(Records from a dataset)
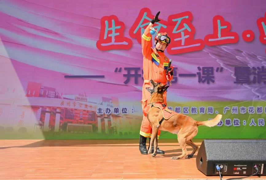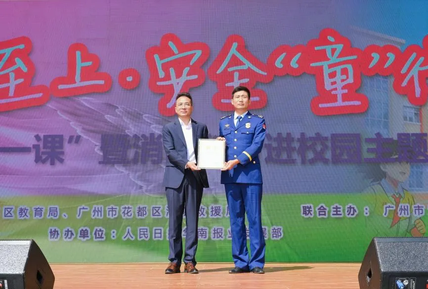 同日上午,黄广中学同步联合花都区教育局、花都区消防救援局隆重举行“生命至上 · 安全‘童’行”开学第一课——暨消防科普进校园主题活动。
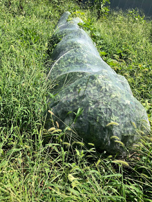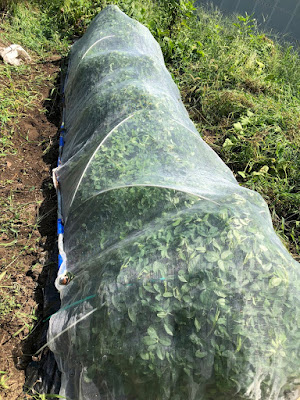 | 落花生の畝の周りは大変な雑草に囲まれている。 しかし、鳥よけ用に掛けている防虫ネットの下では苗が元気そう。 |
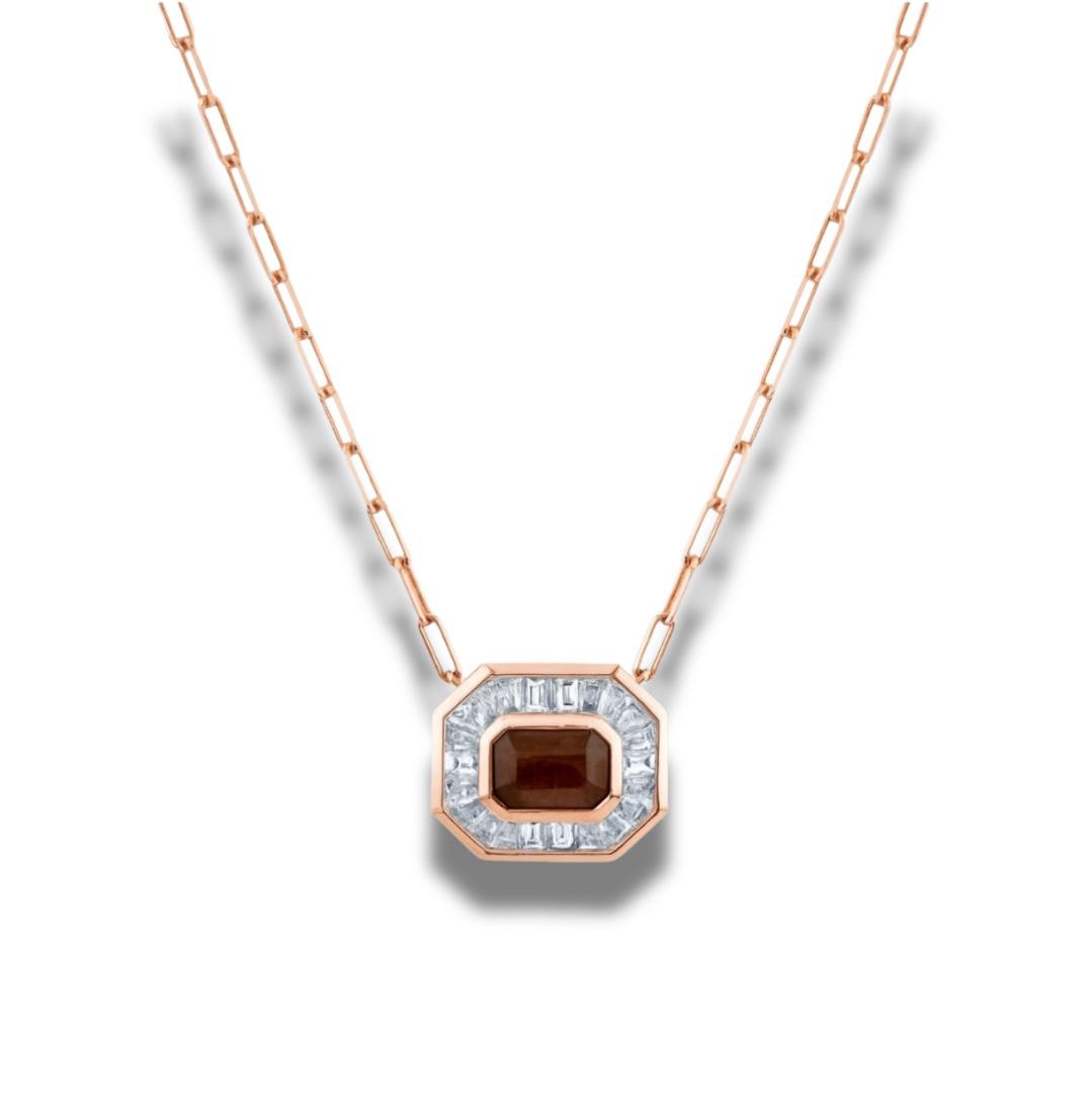 שרשרת אלגנטית וייחודית בעיצוב גאומטרי נקי, עשויה זהב עם תליון משובץ אבן חן חומה בליטוש אוקטגון (מתומן).
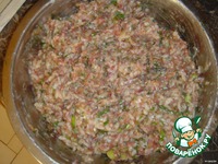 Смешать фарш, рис отварить до полуготовности, половину моркови натереть на тёрке, весь лук, зелень, соль, перец. |
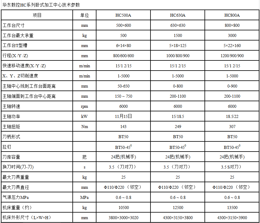 HC系列该机床的底座、立柱、滑座、主轴箱均为优质铸铁HT300制作。主要基础大件断面设计密筋布置,并采用有限元分析,保证高的抗弯、抗扭刚度,使其具有高的固有频率,提高抗振性,三轴硬轨(淬火)满足技术性能对大吃刀量和高精度的要求。并经二次时效处理,消除内应力。具有整体刚性好,吸振抗震性能好等特点。广泛应用于军工、汽车、模具、机械制造等行业的箱体零件、壳体零件、盘形零件的加工。零件经过一次装夹后可完成铣、镗、钻、扩、铰、攻丝等多工序加工,具有高精度、高自动化、高可靠、机电一体化程度高、操作简单、整体造型美观大方等特点。
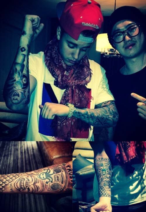 양팔 가득 타투를 새긴 저스틴 비버와 타투아티스트 조승현씨의 모습이 담겨있다.
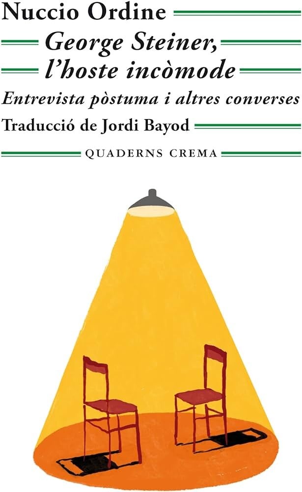 Hi ha llibres petits que són molt grans, George Steiner, l’hoste incòmode, n’és un. Un volum amb a penes cent pàgines, obra del recentment desaparegut Nuccio Ordine, autor de La utilitat de l’inútil, i una crònica honesta i emotiva de l’amistat i complicitat intel·lectual entre Ordine i Steiner. A més d’un assaig d’Ordine sobre Steiner, el llibre recull unes quantes entrevistes amb l’assagista, professor, erudit i crític literari, aparegudes en el Corriere de la Sera, incloent-hi la impactant “entrevista pòstuma”, publicada també allí el 4 de febrer de 2020, just després de la seua mort, com s’havia acordat. En ella Steiner parla, amb la sinceritat i el sentit de justícia que el caracteritzaven, dels grans temes que el van preocupar sempre: la crítica literària, les humanitats, la idea d’Europa, el sionisme i el judaisme, entre altres temes.
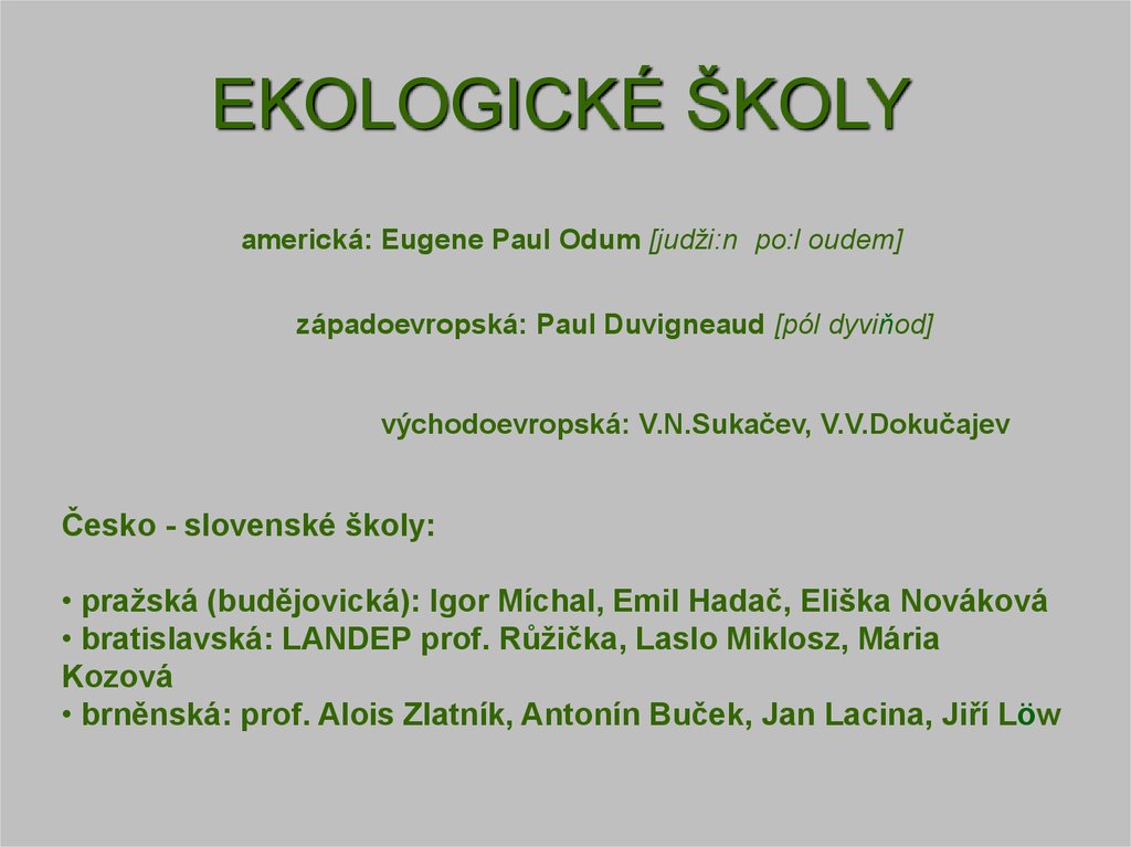 EKOLOGICKÉ ŠKOLYamerická: Eugene Paul Odum [judži:n po:l oudem]
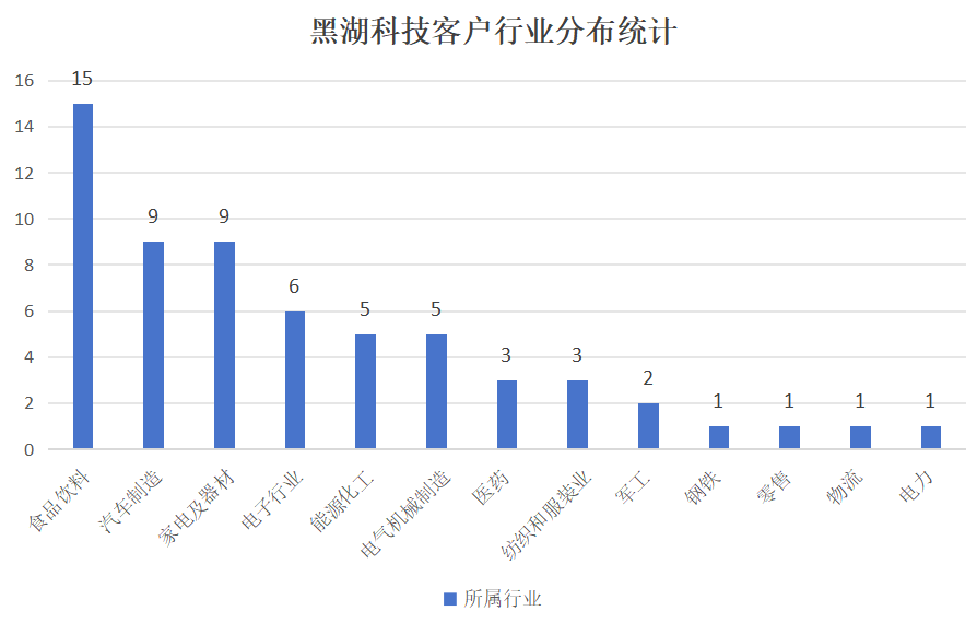 小编将上述的展示的标杆客户进行了行业分类如图,重点布局在食品饮料行业:

> Problem to solve
Copy out exactly the lines between the line that contains "양팔 가득 타투를 새긴 저스틴 비버와 타투아티스트 조승현씨의 모습이 담겨있다." and the last line of the records, both ends included; leave out every picture.

> Answer space
 양팔 가득 타투를 새긴 저스틴 비버와 타투아티스트 조승현씨의 모습이 담겨있다.
 Hi ha llibres petits que són molt grans, George Steiner, l’hoste incòmode, n’és un. Un volum amb a penes cent pàgines, obra del recentment desaparegut Nuccio Ordine, autor de La utilitat de l’inútil, i una crònica honesta i emotiva de l’amistat i complicitat intel·lectual entre Ordine i Steiner. A més d’un assaig d’Ordine sobre Steiner, el llibre recull unes quantes entrevistes amb l’assagista, professor, erudit i crític literari, aparegudes en el Corriere de la Sera, incloent-hi la impactant “entrevista pòstuma”, publicada també allí el 4 de febrer de 2020, just després de la seua mort, com s’havia acordat. En ella Steiner parla, amb la sinceritat i el sentit de justícia que el caracteritzaven, dels grans temes que el van preocupar sempre: la crítica literària, les humanitats, la idea d’Europa, el sionisme i el judaisme, entre altres temes.
 EKOLOGICKÉ ŠKOLYamerická: Eugene Paul Odum [judži:n po:l oudem]
 小编将上述的展示的标杆客户进行了行业分类如图,重点布局在食品饮料行业:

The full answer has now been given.